Тайна смерти Петра Первого: Последняя правда царя
Шрифт:
— Нет.
— Отчего?
— Когда туманы, жить тяжко, гнетет…
— Вы правы. Поэтому англичане так любят путешествия и земли, расположенные много южнее Азова.
— А я северянин, жару не люблю, меня всегда влечет в светлые ночи…
— Не понял…
— На севере весною солнце почти не заходит, небо молочное, а сосны стоят красные, тишь, только гуси кричат на пролете.
— Слагаете стихи?
— Песни люблю… Как угадали?
"Угадал, — снова горестно подумал Дефо. — Если бы я мог угадать всё, я бы сравнялся с Шекспиром. Я всё о тебе прочел, юноша, я перестал угадывать, я забыл про это, я сочиняю, и, когда сочинение попадает в правду, происходит чудо".
Дефо налил Епифанову эля:
— Здоровье русского гиганта
— Дай бог! — ответил Епифанов.
Выпили до конца; снова закусили соленым сыром.
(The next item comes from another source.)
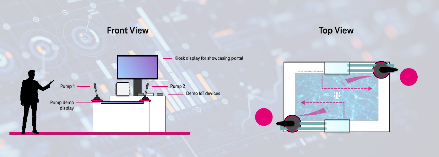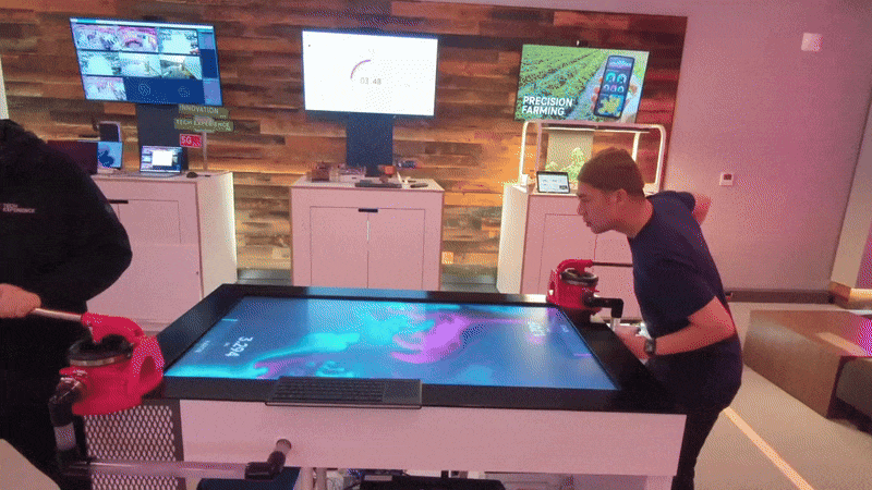 Envoy worked with T-Mobile to develop an application showcasing their IoT startup hub. Multiple integrated IoT devices leveraging the T-Mobile network were combined with a 2-player game play utilizing water pumps. In addition to the table top, there was a kiosk display for showcasing the web portal with IoT device data.
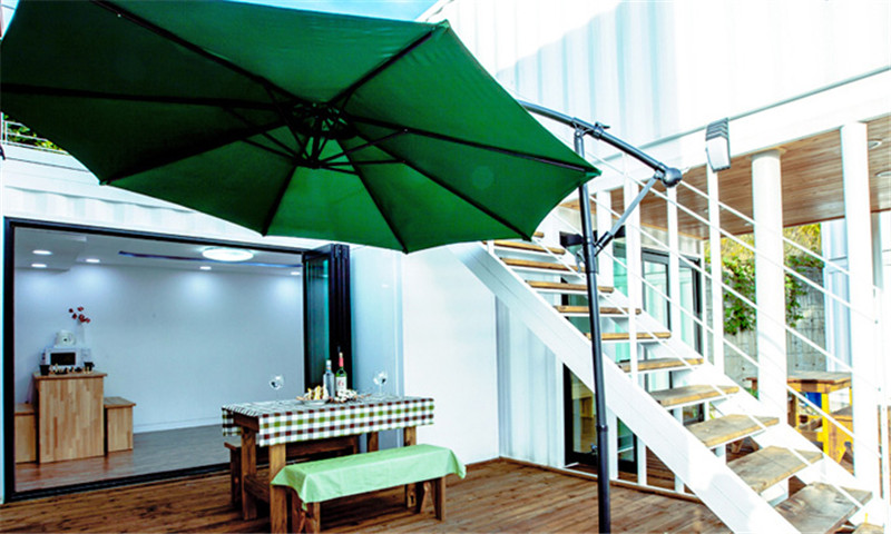 并排形式使得視野開闊無遮擋,每座集裝箱度假小屋均能享受到無敵山景。兩層式簡約小屋,全白外墻色調(diào),門窗全采用落地反光玻璃,干凈利落。門前有躍級小平臺,并朝向著中部泳池。

— Очень завидуют ему? — спросил Дефо.
— Кто?
— Соратники…
— А ему равных нет.
— Так ведь завидуют именно те, кто ниже.
Дефо имел основание говорить так: он не мог забыть того дня, когда его коллега Гилдон опубликовал подметную брошюру против "Робинзона", обвиняя Дефо в вымысле и лжи; он полагал, что этим "откровением" убьет успех романа, объявленного документальным. Прочитав памфлет, Дефо съежился, несколько дней не выходил из дома, полагая, что издатель расторгнет с ним договор. Однако народ любит то, во что поверил; автора можно заточить в Тауэр, убить, но персонаж — если он вошел в дома людей — вечен. "Робинзон" стал книгой-скандалом — лучшая реклама, гарант популярности; издания шли нарасхват.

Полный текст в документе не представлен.